(What needs to be done):
Would you return exactly the lines below from the line with "అలోవెరాలోని అలోయిన్ సహజ" through the line with "Titled Wildflowers &", both included, and nothing else, leaving out the pictures?

(Data for the task):

*** Begin section ***

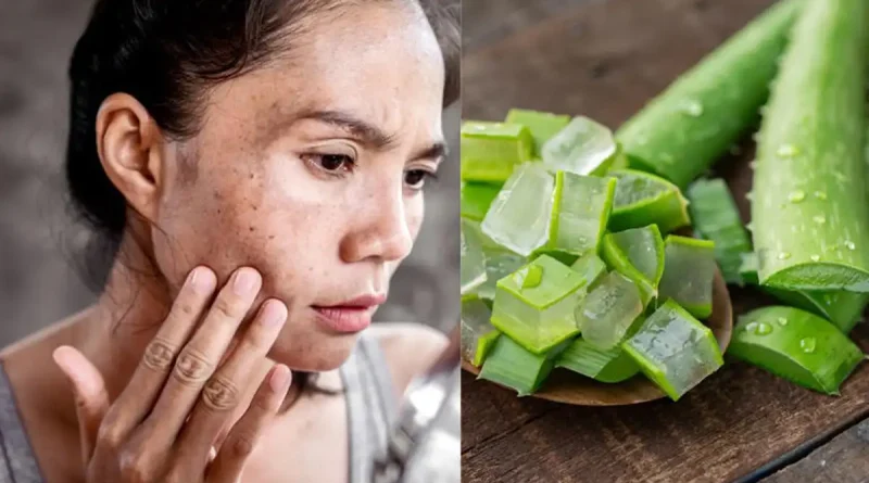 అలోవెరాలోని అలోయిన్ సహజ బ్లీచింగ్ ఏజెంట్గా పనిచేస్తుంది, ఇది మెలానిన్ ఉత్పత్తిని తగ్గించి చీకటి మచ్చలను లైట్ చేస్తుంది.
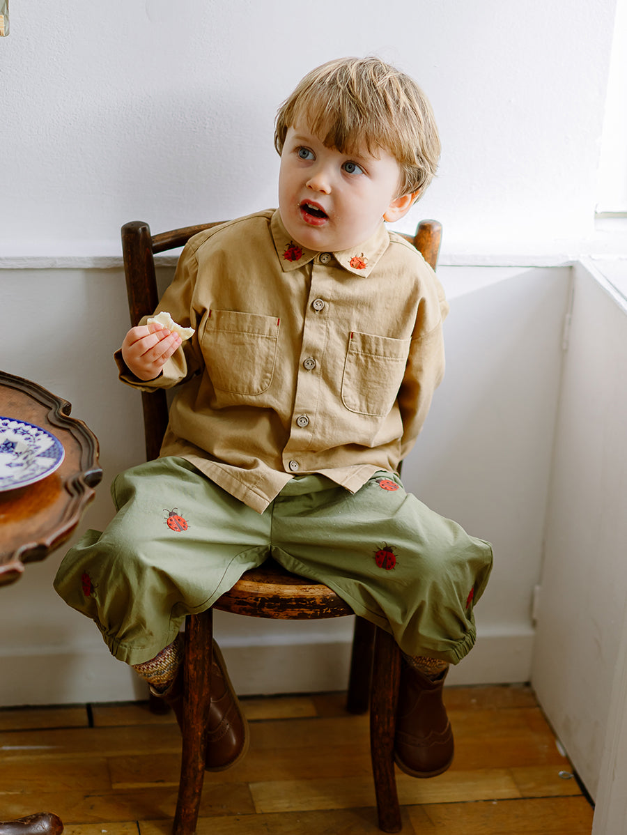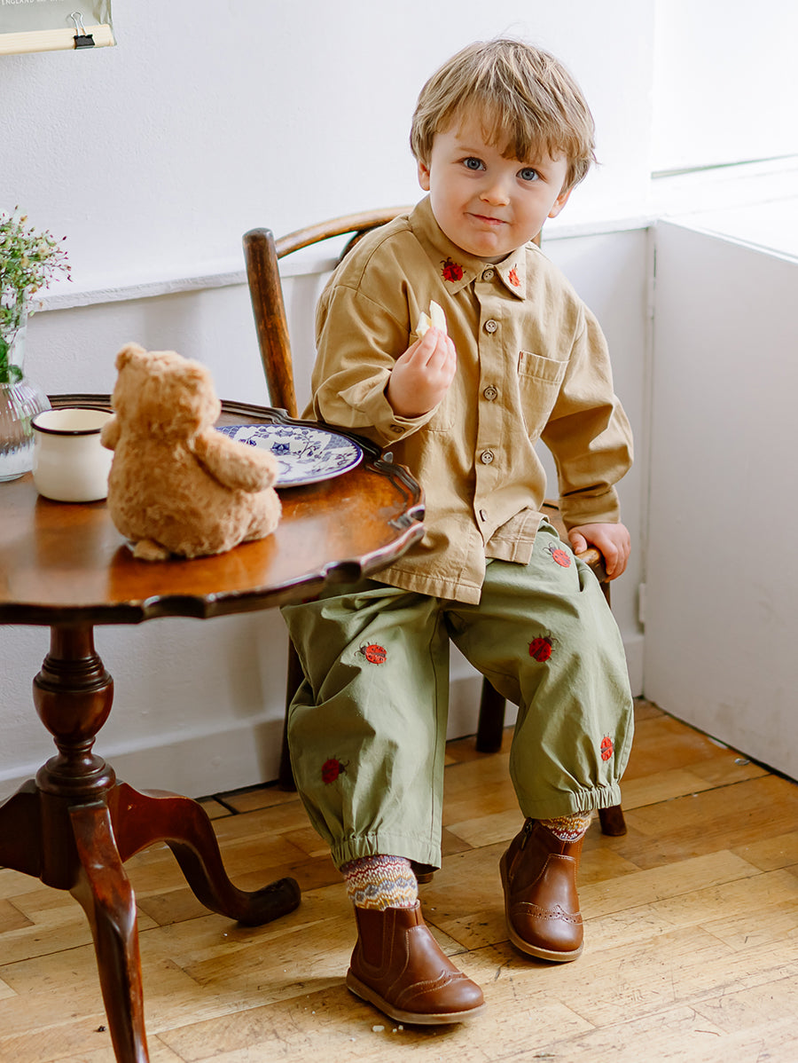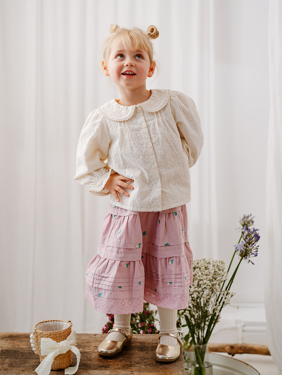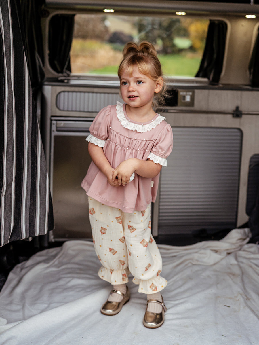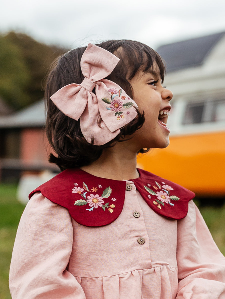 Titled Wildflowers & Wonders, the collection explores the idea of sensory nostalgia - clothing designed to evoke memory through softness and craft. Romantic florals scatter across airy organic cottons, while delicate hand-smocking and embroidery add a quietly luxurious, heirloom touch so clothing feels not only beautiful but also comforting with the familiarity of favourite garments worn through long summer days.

*** End section ***
*** Begin section ***

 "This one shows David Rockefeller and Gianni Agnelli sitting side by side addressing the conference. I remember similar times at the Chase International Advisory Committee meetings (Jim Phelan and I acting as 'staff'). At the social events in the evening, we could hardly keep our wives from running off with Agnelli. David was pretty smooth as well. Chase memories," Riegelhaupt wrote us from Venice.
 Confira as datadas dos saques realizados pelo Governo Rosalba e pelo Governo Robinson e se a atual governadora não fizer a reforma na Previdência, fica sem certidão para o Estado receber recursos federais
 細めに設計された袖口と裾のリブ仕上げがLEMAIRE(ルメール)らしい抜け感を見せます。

*** End section ***

(Output):
 అలోవెరాలోని అలోయిన్ సహజ బ్లీచింగ్ ఏజెంట్గా పనిచేస్తుంది, ఇది మెలానిన్ ఉత్పత్తిని తగ్గించి చీకటి మచ్చలను లైట్ చేస్తుంది.
 Titled Wildflowers & Wonders, the collection explores the idea of sensory nostalgia - clothing designed to evoke memory through softness and craft. Romantic florals scatter across airy organic cottons, while delicate hand-smocking and embroidery add a quietly luxurious, heirloom touch so clothing feels not only beautiful but also comforting with the familiarity of favourite garments worn through long summer days.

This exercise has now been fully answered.